Like WeWork, Selina also invented a new index through which to measure the company's performance. In the case of Selina: TRevPOB or total revenue per bed occupancy. The company explains that this index is more relevant than standard occupancy because the rooms they offer can be converted, and therefore a new index is required to more accurately express the financial performance. However, the need for the index is confusing, since there is no explanation in the company's reports as to the mechanism used to convert rooms or its frequency.
What's more, Selina's business, as it itself defines it, is renting a "room" for a limited period, as they do in a hotel. The use of the room is customary because it defines the occupancy of the hotel in the strictest way. Selina offers private, double family and shared rooms, and therefore bed occupancy does not seem like an accurate measure of its activity. Does a hotel that rents a room to a family indicate in its financial reports that the family requested an extra bed?
The comparison to WeWork is warranted when it comes to their style, but when it comes to the company's business, it should be compared to hostel chains or hotels, although Selina tries to differentiate itself from them.
In practice, Selina is part of a traditional industry. If you look at it as such, the company's performance reflects a problem. Although there are not many public hostel chains to compare to, there is a large one, Hostelworld, established in 1999. Both companies offer varying room models (private and shared), but only Selina thought it necessary to define it in a sophisticated new way. Also only one of the two, Hostelworld, chose a conservative growth strategy and issued its shares to the public in a healthy way (in 2015), while showing a consistent net profit.
GreenTree is another chain of guest houses that went public in 2018. Like Hostelworld, GreenTree did it quite traditionally. Although in the prospectus for its IPO it defined itself as a "growth" company, it entered the New York Stock Exchange with a positive bottom line and a history of net profit, which it maintained until the outbreak of the pandemic.
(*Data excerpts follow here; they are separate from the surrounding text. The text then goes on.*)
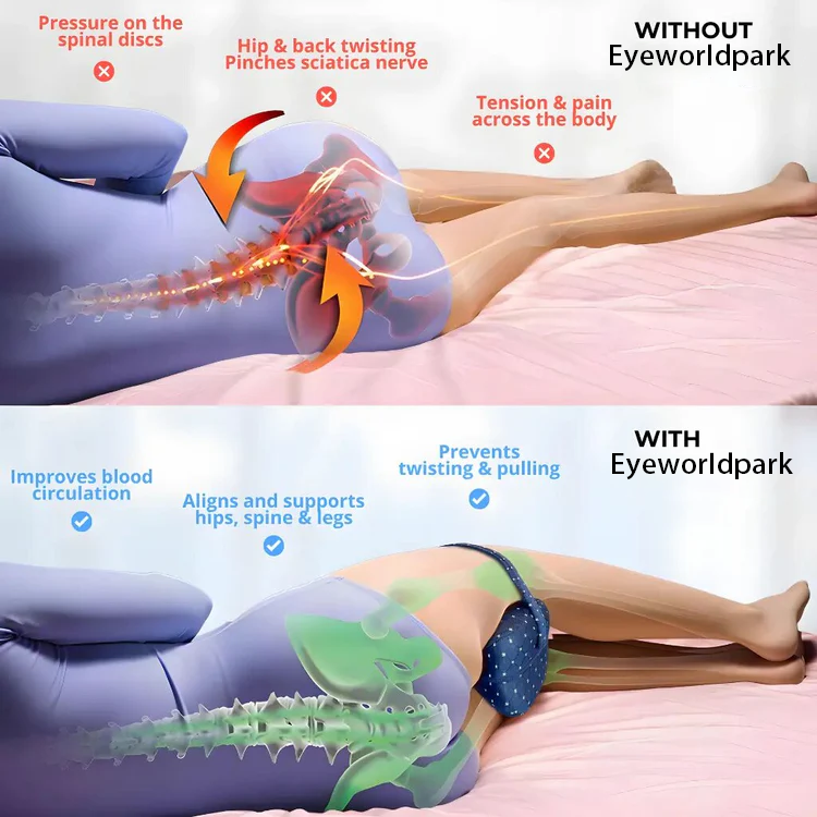 However, a superior solution exists! Nestling the Eyeworldpark Alignment Pillow between your legs rectifies the misalignment, mitigates pain, and shields the sciatic nerve from compression.
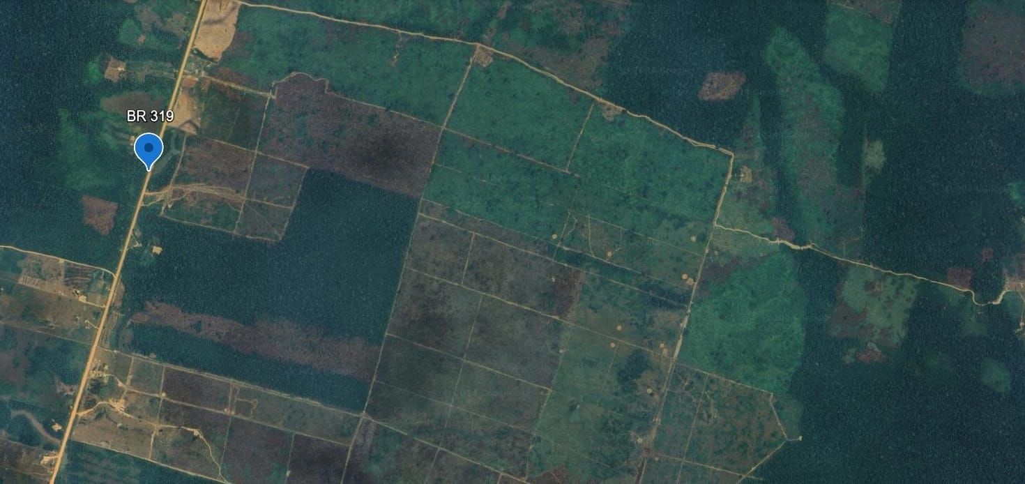 Áreas degradadas na BR319 entre o Seringal Realidade e a região Acará em Humaitá (AM).(Foto: Reprodução/Google Earth)
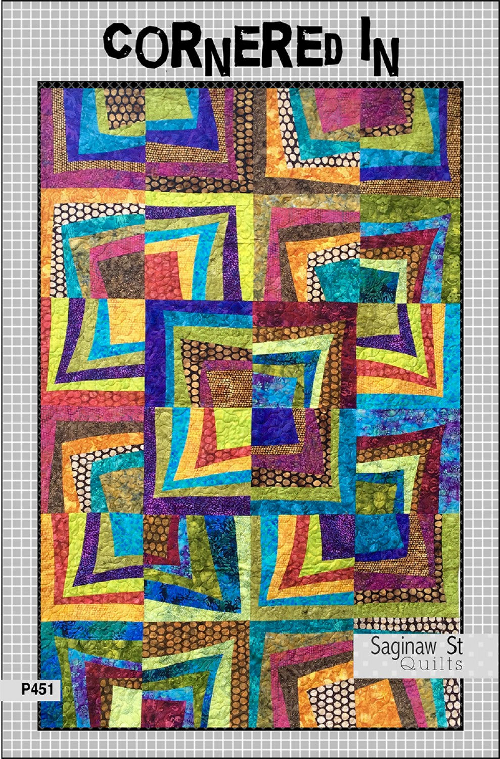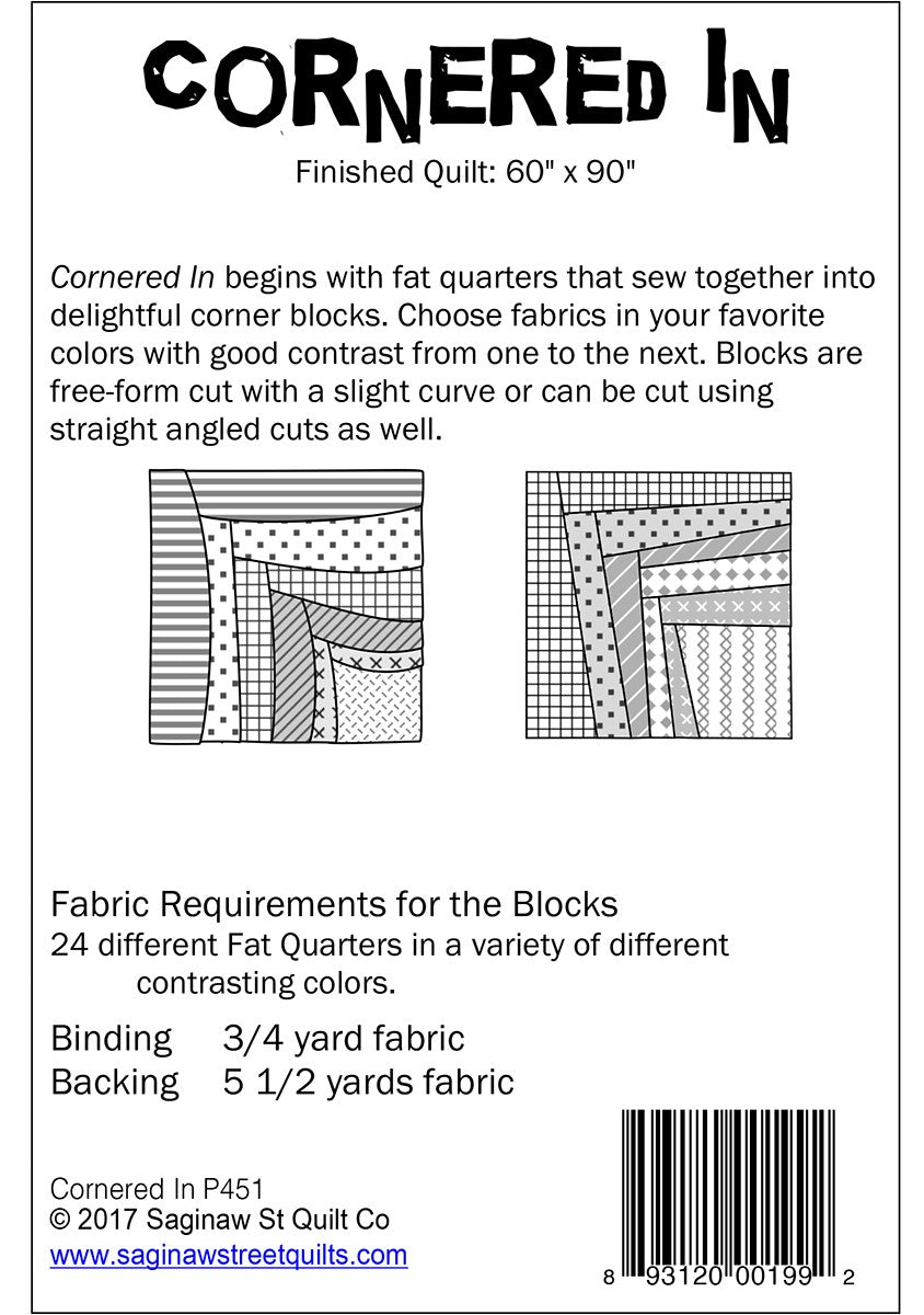 Cornered In begins with fat quarters that sew together into delightful corner blocks. Choose fabrics in your favorite colors with good contrast from one to the next. Blocks are free-form cut with a slight curve or can be cut using straight angled cuts as well.

Atour Lifestyle, a Chinese chain of hotels established in 2012 which went public last November, ended last year with a net profit of $14 million.
These three hospitality companies which all went public in recent years demonstrate one small thing: net profit is not a dirty word, conservative growth is not a bad thing, and there is no need to emphasize innovation or technology. You can simply build a better product.